PROBLEM REQUIREMENTS —
From the material below, reproduce exactly the stretch of lines that begins with the line holding "Ban Motor Matic" and ends with the line holding "एफएम निर्मला सीतारमण: ताजा", skipping the pictures.

RECORDS SHOWN —
+++++
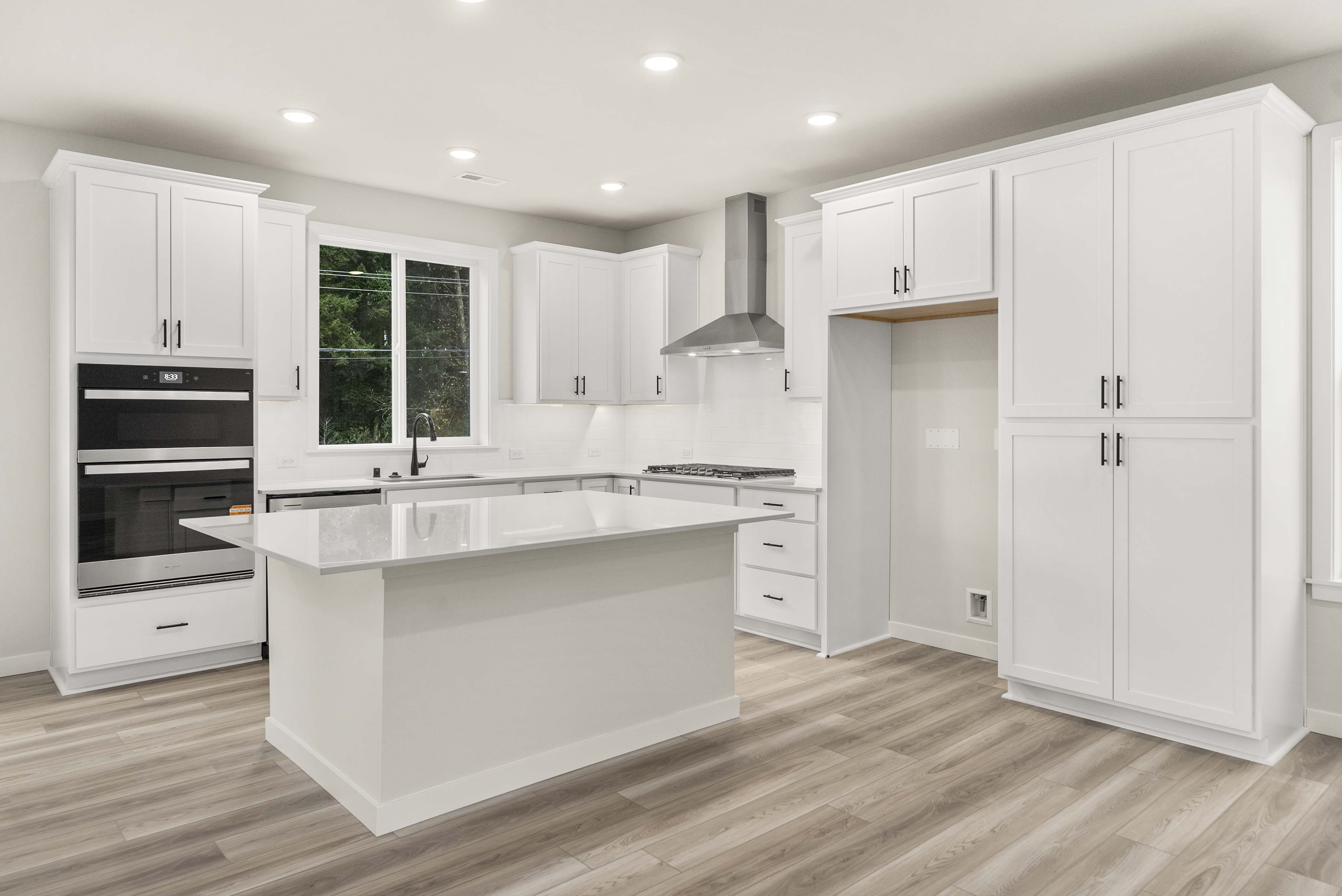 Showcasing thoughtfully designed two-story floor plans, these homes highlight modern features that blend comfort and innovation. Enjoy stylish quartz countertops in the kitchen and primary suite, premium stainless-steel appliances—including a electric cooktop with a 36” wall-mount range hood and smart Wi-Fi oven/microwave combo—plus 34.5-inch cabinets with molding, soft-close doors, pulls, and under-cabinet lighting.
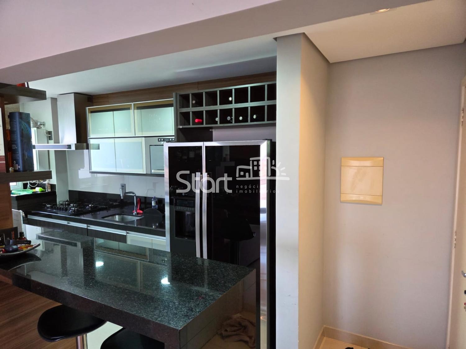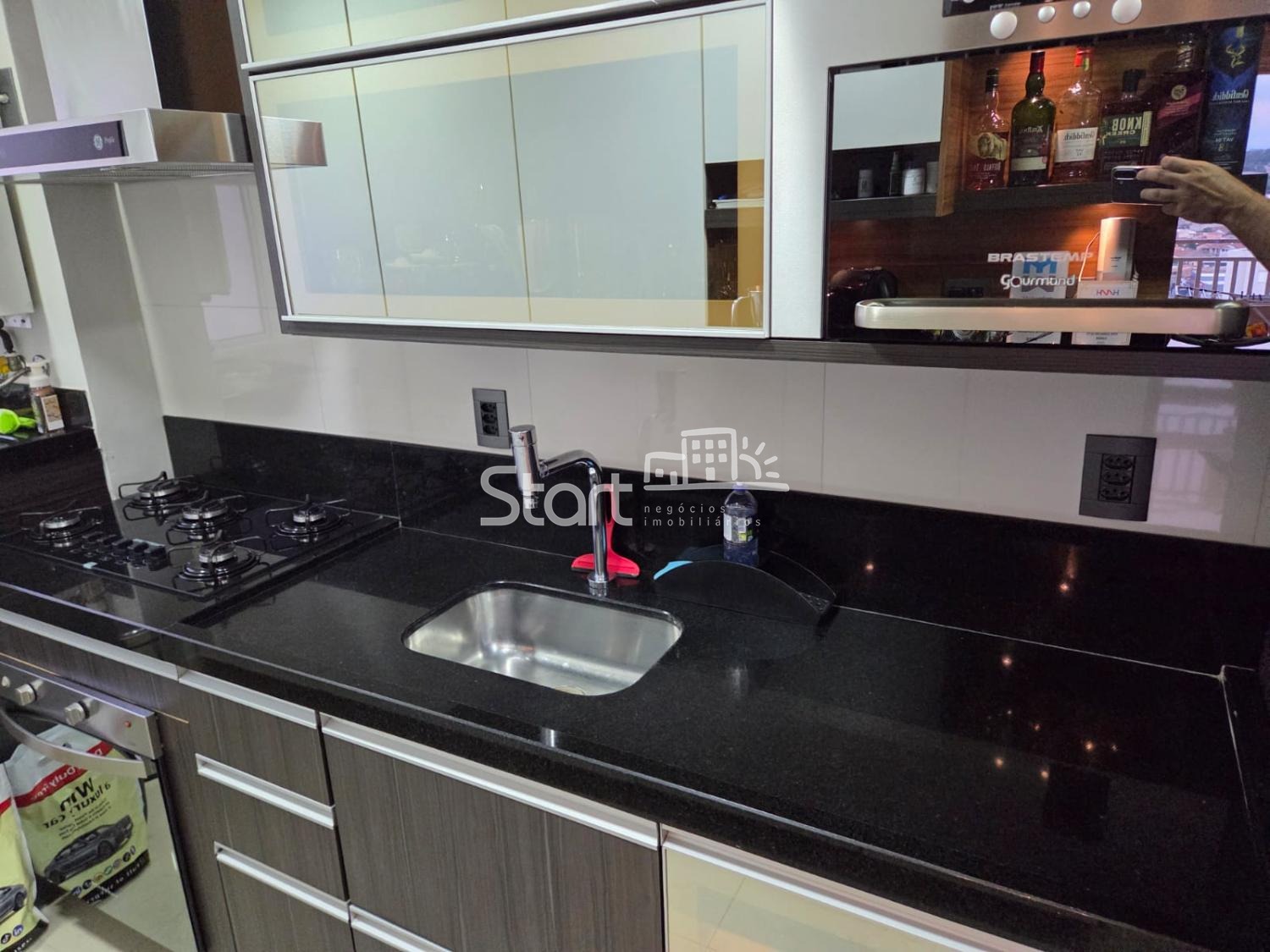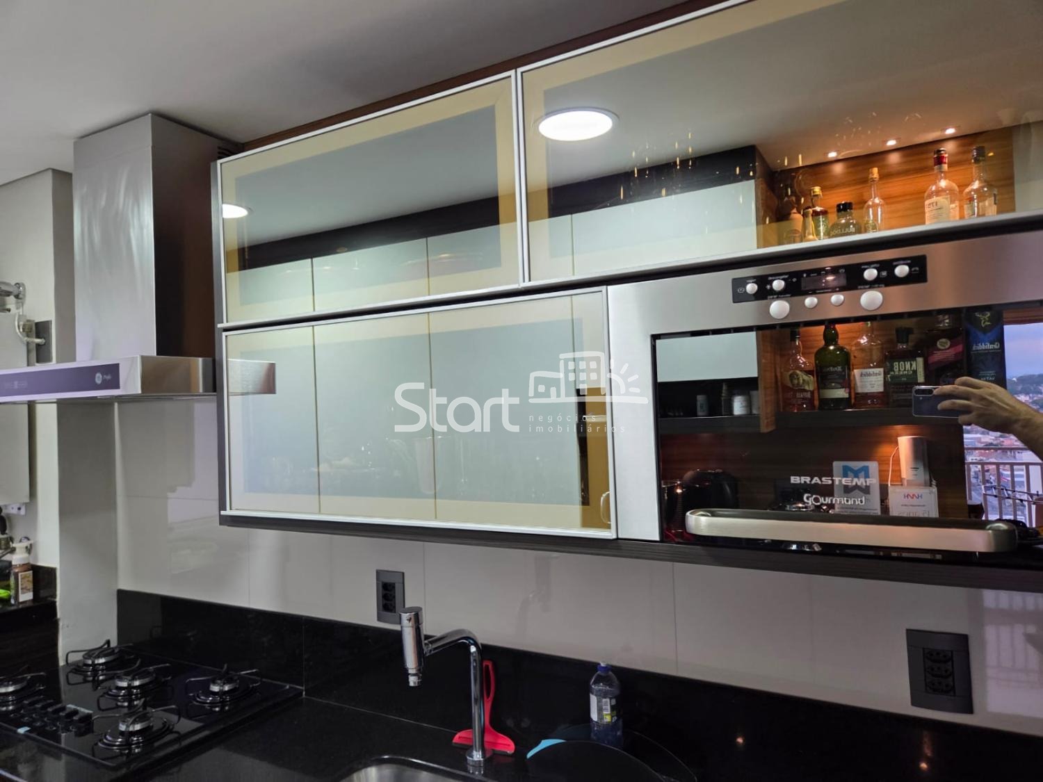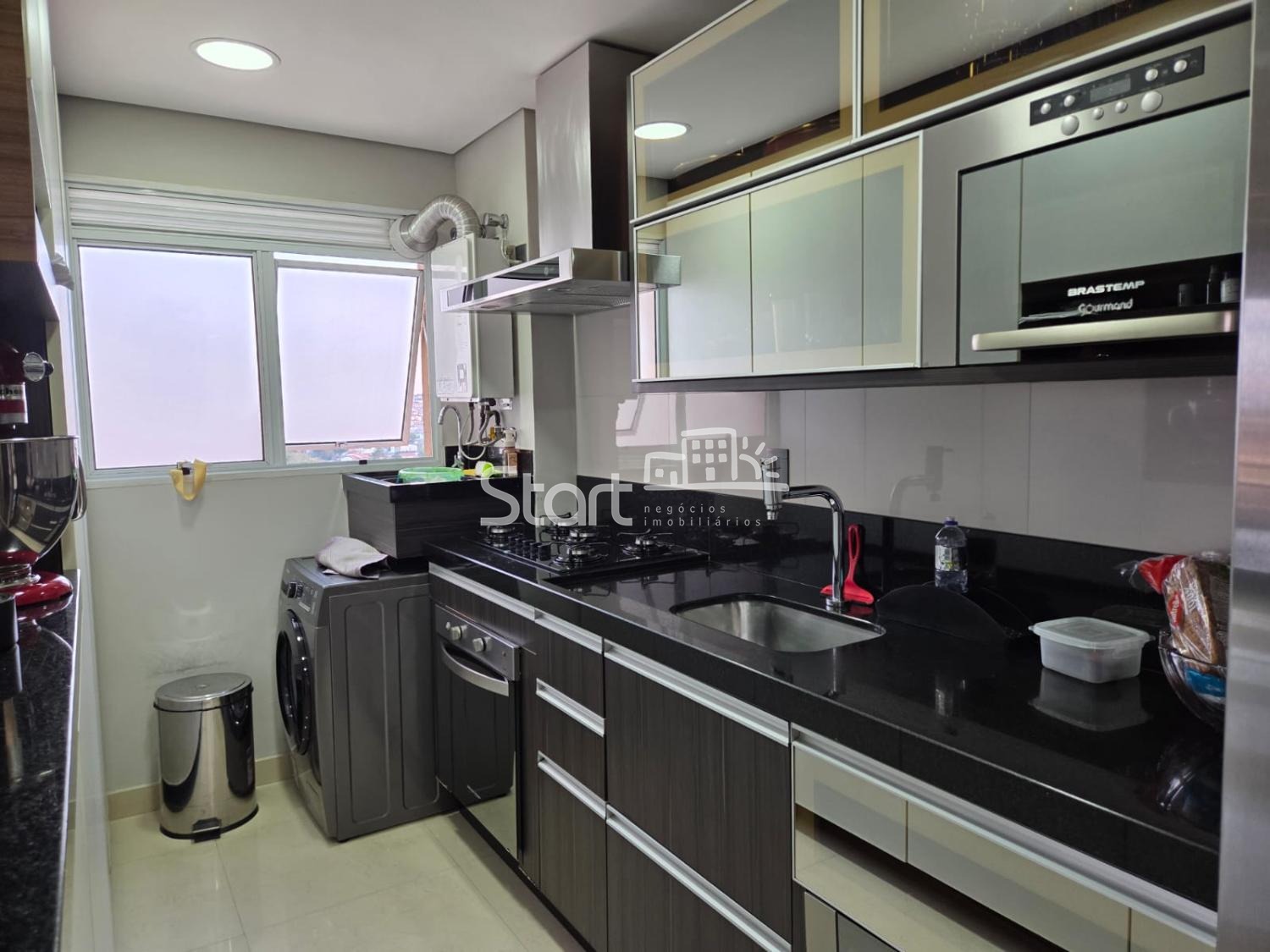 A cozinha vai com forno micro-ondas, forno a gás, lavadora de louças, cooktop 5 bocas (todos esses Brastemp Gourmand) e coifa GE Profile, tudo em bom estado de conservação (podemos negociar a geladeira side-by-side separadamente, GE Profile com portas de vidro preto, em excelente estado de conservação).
+++++
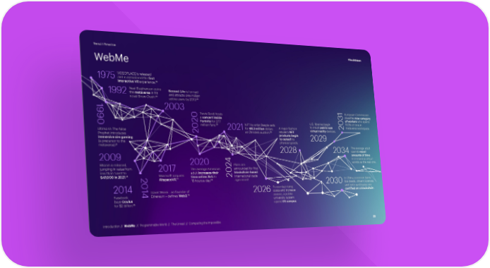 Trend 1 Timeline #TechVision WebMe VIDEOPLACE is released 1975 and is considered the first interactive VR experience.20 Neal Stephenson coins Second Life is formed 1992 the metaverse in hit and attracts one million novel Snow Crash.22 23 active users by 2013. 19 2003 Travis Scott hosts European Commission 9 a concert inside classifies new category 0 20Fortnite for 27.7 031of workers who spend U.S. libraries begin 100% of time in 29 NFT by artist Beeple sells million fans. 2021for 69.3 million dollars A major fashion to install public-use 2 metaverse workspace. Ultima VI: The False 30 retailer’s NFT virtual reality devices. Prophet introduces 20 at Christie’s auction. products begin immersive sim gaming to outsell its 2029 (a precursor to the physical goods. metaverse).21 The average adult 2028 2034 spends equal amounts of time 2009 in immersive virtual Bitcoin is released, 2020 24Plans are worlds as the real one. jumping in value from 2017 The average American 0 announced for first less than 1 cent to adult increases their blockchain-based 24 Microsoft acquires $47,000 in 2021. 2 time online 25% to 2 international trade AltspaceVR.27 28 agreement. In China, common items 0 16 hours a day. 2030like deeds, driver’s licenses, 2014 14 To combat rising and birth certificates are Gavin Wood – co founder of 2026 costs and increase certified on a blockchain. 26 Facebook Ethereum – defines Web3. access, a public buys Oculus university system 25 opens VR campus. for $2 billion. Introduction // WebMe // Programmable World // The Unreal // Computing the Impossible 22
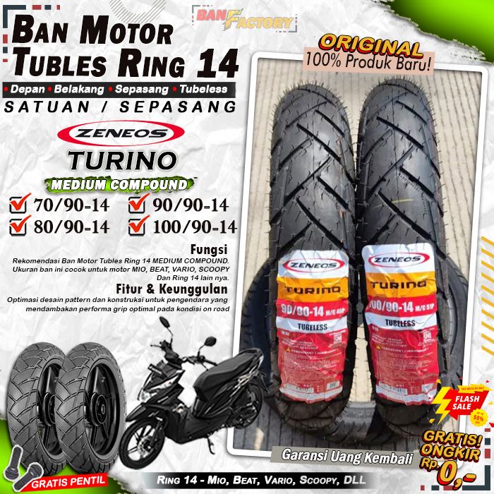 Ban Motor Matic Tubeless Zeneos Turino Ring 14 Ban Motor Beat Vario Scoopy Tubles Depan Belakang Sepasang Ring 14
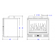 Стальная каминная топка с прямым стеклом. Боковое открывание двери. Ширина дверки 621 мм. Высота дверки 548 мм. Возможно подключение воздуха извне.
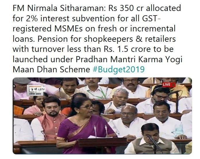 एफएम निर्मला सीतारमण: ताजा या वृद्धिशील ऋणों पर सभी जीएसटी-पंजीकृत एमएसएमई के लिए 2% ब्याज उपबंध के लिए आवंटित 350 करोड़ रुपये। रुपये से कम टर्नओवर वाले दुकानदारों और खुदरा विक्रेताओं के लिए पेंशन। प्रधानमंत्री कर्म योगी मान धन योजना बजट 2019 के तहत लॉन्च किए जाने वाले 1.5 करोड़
+++++
EXERCISE RESULT —
 Ban Motor Matic Tubeless Zeneos Turino Ring 14 Ban Motor Beat Vario Scoopy Tubles Depan Belakang Sepasang Ring 14
 Стальная каминная топка с прямым стеклом. Боковое открывание двери. Ширина дверки 621 мм. Высота дверки 548 мм. Возможно подключение воздуха извне.
 एफएम निर्मला सीतारमण: ताजा या वृद्धिशील ऋणों पर सभी जीएसटी-पंजीकृत एमएसएमई के लिए 2% ब्याज उपबंध के लिए आवंटित 350 करोड़ रुपये। रुपये से कम टर्नओवर वाले दुकानदारों और खुदरा विक्रेताओं के लिए पेंशन। प्रधानमंत्री कर्म योगी मान धन योजना बजट 2019 के तहत लॉन्च किए जाने वाले 1.5 करोड़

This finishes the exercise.